= PROBLEM =
Reproduce exactly the lines of this material that begin at the line with "Notre tableau gorille" and end at the line with "The Comments tab", both included. Omit the pictures and everything else.

= SOURCE MATERIAL =
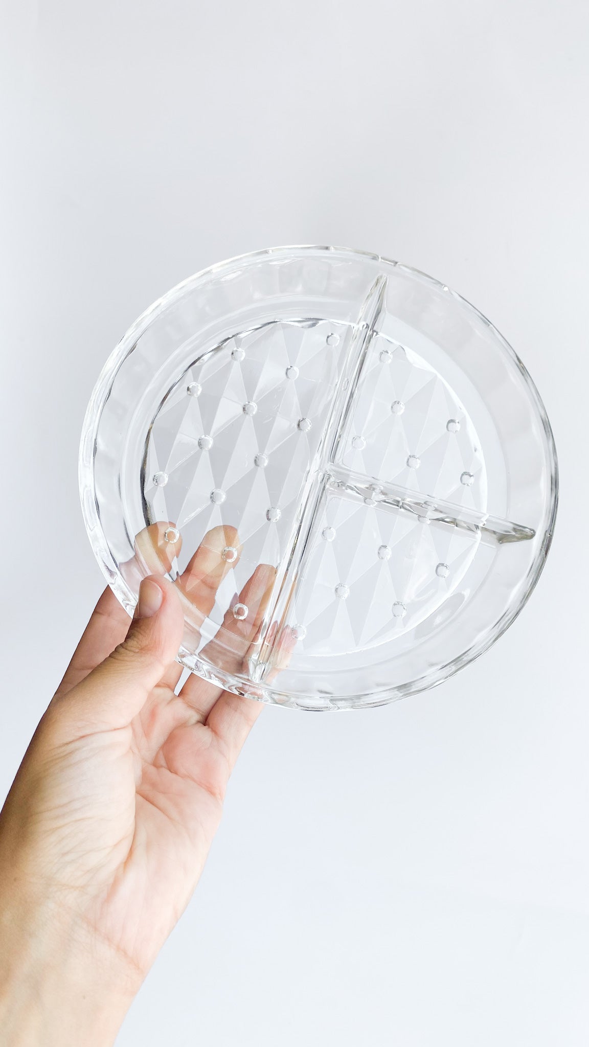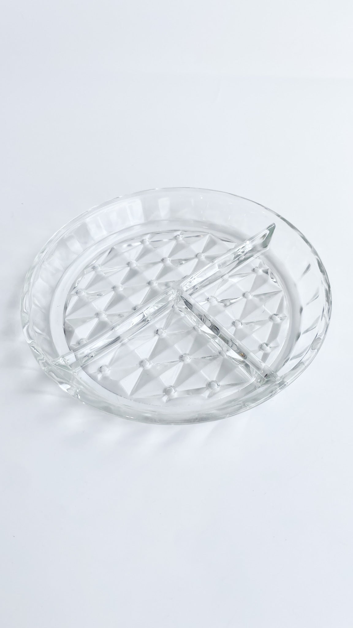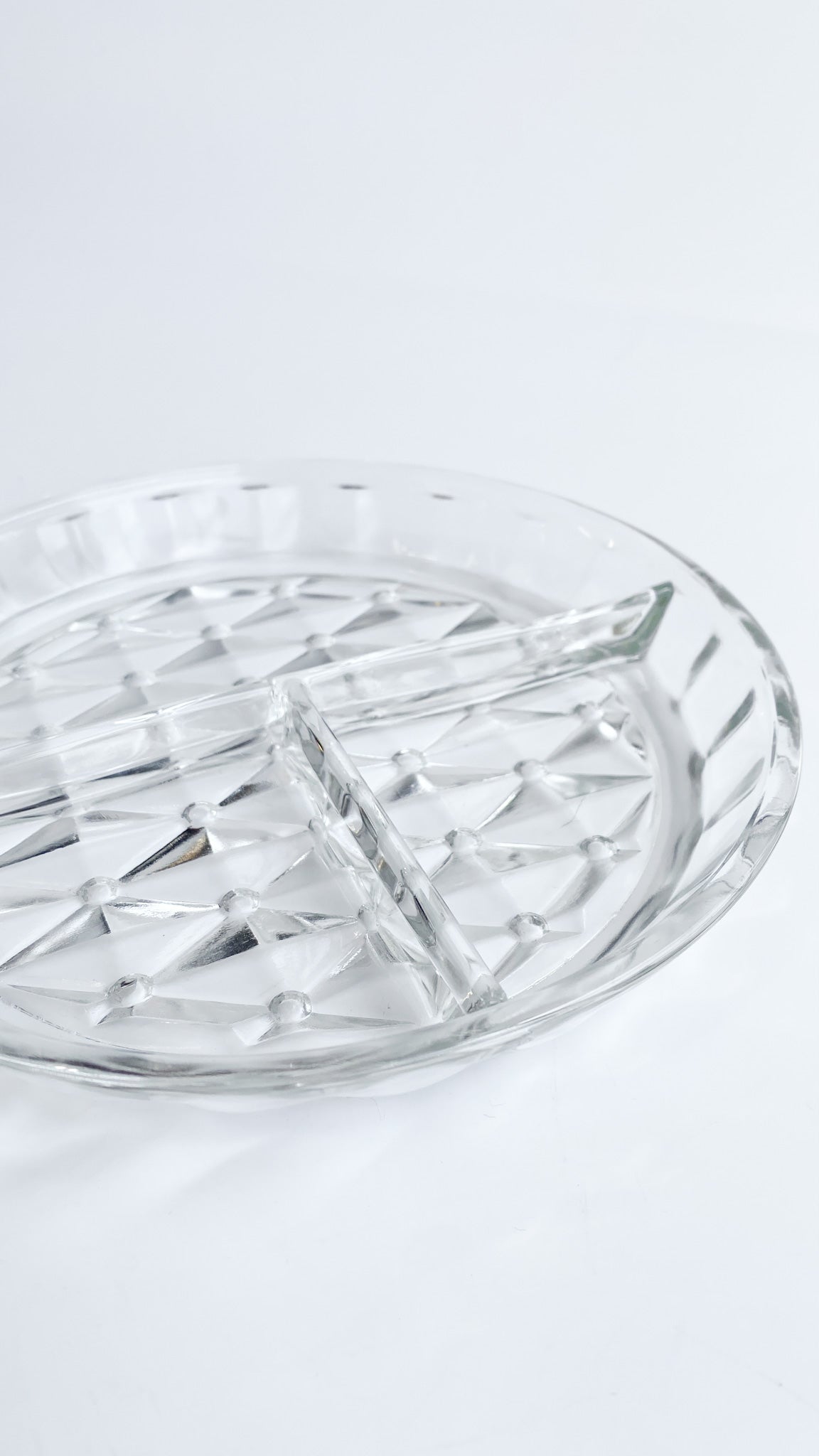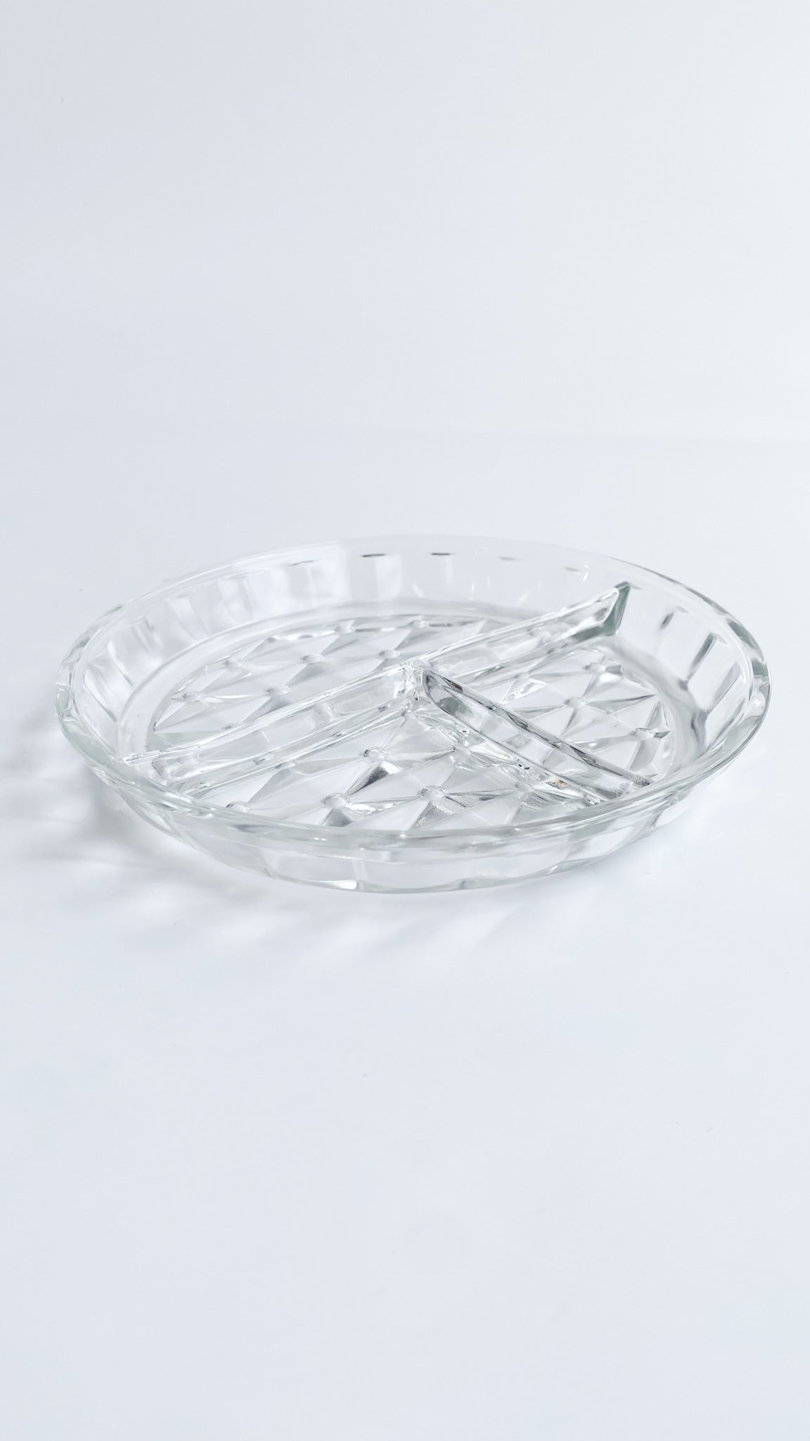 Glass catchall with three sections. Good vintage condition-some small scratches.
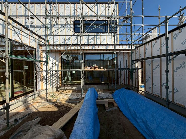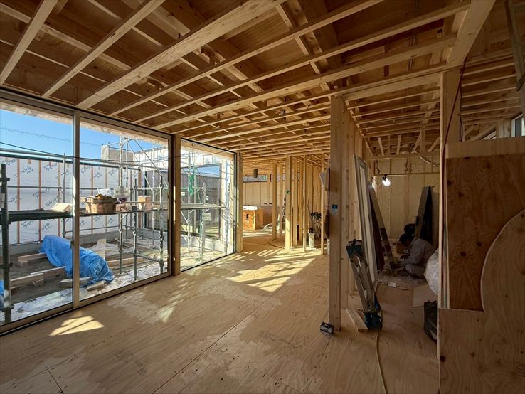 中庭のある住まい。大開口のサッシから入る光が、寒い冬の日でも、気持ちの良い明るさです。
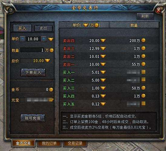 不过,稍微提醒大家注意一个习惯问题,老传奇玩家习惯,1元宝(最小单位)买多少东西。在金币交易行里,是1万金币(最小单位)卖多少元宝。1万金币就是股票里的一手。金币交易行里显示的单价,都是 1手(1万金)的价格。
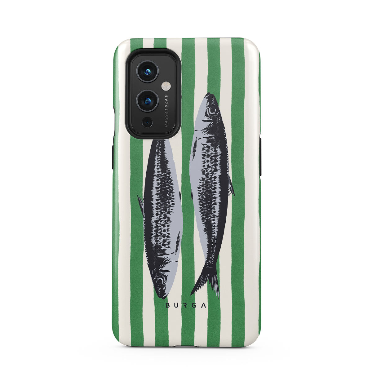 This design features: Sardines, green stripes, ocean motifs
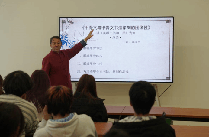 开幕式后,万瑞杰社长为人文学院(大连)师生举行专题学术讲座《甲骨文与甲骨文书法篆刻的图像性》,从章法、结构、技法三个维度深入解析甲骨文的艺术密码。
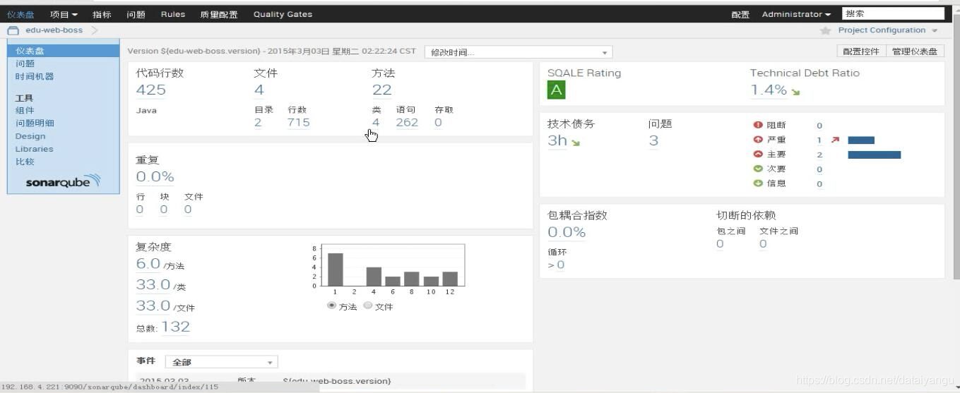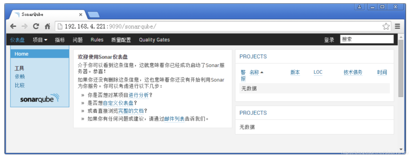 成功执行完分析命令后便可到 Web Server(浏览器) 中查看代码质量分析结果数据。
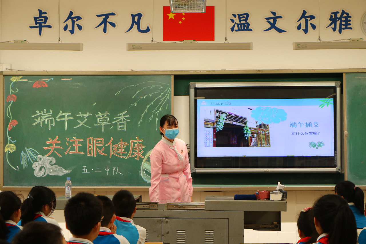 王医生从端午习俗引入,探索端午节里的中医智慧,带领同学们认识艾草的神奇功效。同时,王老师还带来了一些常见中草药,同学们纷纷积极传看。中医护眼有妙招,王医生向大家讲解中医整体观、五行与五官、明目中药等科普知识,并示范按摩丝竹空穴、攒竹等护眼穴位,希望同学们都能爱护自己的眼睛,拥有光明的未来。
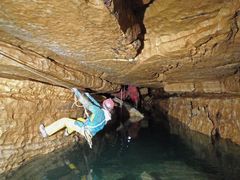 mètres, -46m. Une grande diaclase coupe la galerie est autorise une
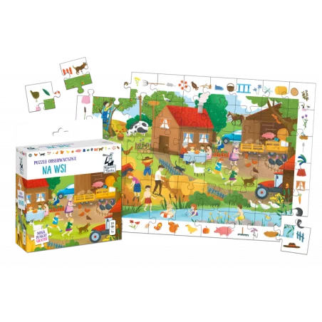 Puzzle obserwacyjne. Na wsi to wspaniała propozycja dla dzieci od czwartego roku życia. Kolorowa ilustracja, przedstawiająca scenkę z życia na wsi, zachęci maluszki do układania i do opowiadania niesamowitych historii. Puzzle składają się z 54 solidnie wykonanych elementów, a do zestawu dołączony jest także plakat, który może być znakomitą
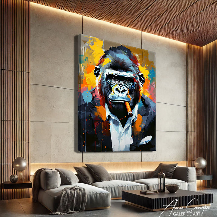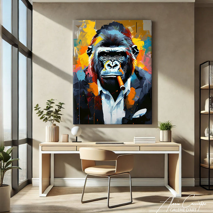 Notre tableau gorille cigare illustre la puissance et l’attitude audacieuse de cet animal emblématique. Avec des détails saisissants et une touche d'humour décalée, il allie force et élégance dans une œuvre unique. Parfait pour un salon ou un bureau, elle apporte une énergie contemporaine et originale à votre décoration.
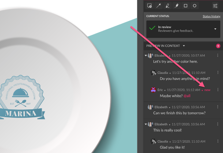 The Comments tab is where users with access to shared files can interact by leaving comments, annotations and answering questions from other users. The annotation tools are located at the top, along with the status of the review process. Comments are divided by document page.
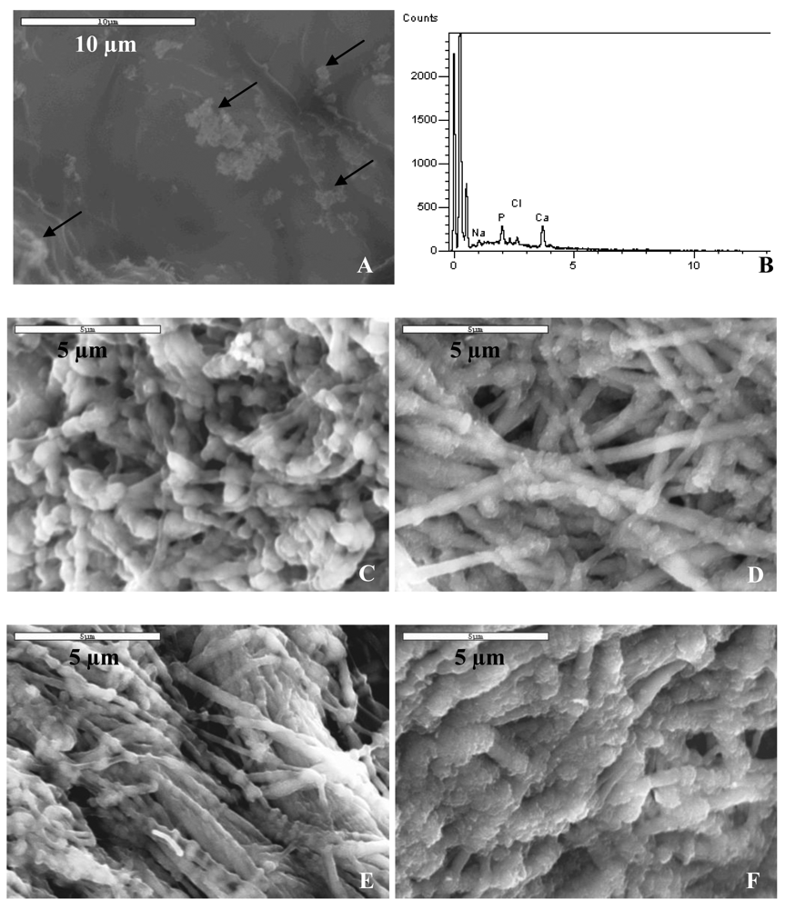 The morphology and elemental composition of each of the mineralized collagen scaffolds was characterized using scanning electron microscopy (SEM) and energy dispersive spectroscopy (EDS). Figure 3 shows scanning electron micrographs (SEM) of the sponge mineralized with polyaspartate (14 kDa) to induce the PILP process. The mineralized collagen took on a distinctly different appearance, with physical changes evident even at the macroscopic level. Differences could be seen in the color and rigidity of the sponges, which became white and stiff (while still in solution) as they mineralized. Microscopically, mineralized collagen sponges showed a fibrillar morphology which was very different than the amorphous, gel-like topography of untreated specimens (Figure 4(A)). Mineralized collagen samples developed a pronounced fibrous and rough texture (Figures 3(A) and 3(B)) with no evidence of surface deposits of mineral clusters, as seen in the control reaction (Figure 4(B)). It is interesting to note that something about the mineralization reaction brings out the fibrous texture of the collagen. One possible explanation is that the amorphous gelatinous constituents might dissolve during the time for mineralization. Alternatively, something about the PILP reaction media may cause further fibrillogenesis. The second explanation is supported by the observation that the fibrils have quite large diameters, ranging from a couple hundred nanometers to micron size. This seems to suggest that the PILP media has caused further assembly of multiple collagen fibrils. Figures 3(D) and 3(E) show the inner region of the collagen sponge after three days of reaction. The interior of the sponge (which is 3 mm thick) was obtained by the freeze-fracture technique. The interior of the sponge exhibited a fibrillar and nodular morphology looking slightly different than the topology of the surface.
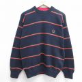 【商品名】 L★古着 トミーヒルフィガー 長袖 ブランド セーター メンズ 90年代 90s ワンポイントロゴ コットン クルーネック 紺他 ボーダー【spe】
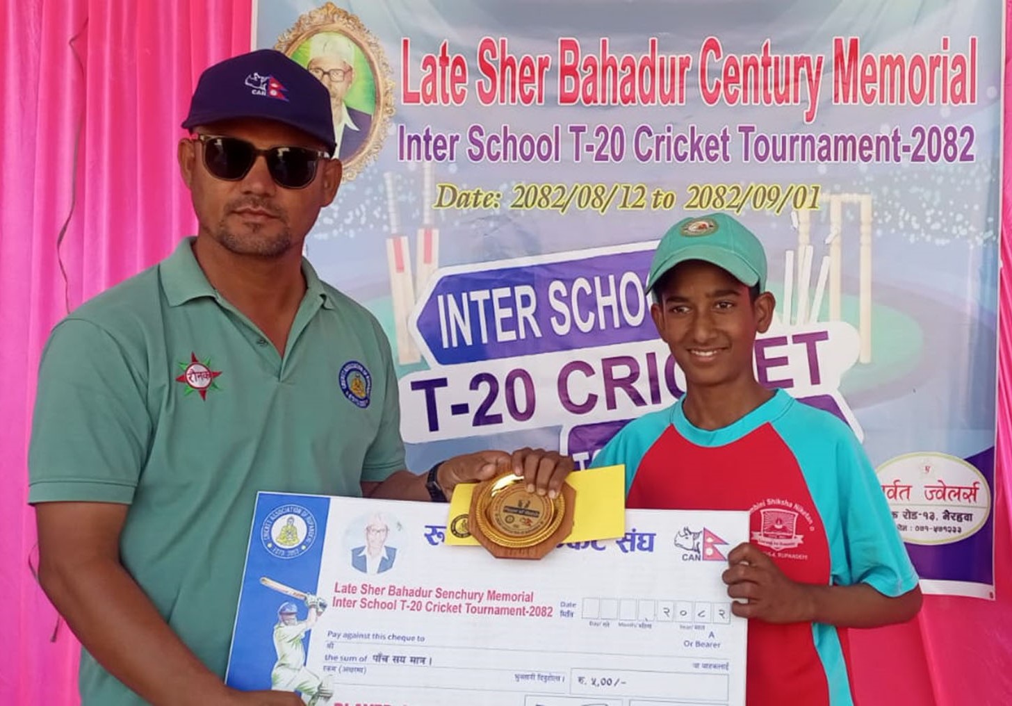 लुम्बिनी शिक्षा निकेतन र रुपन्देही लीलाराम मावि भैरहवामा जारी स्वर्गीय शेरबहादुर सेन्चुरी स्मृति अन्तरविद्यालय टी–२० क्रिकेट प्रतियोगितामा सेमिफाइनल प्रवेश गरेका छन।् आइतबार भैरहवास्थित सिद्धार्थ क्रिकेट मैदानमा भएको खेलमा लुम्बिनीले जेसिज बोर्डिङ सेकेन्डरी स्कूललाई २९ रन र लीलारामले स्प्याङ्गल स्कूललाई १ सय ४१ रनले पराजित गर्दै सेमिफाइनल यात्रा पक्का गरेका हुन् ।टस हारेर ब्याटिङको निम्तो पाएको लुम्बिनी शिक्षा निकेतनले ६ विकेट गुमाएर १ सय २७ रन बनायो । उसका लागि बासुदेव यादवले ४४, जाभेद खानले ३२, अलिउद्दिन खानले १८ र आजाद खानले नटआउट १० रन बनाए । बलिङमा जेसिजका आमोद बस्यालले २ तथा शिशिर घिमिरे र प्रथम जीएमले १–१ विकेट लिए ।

= THE COMPLETED TASK =
 Notre tableau gorille cigare illustre la puissance et l’attitude audacieuse de cet animal emblématique. Avec des détails saisissants et une touche d'humour décalée, il allie force et élégance dans une œuvre unique. Parfait pour un salon ou un bureau, elle apporte une énergie contemporaine et originale à votre décoration.
 The Comments tab is where users with access to shared files can interact by leaving comments, annotations and answering questions from other users. The annotation tools are located at the top, along with the status of the review process. Comments are divided by document page.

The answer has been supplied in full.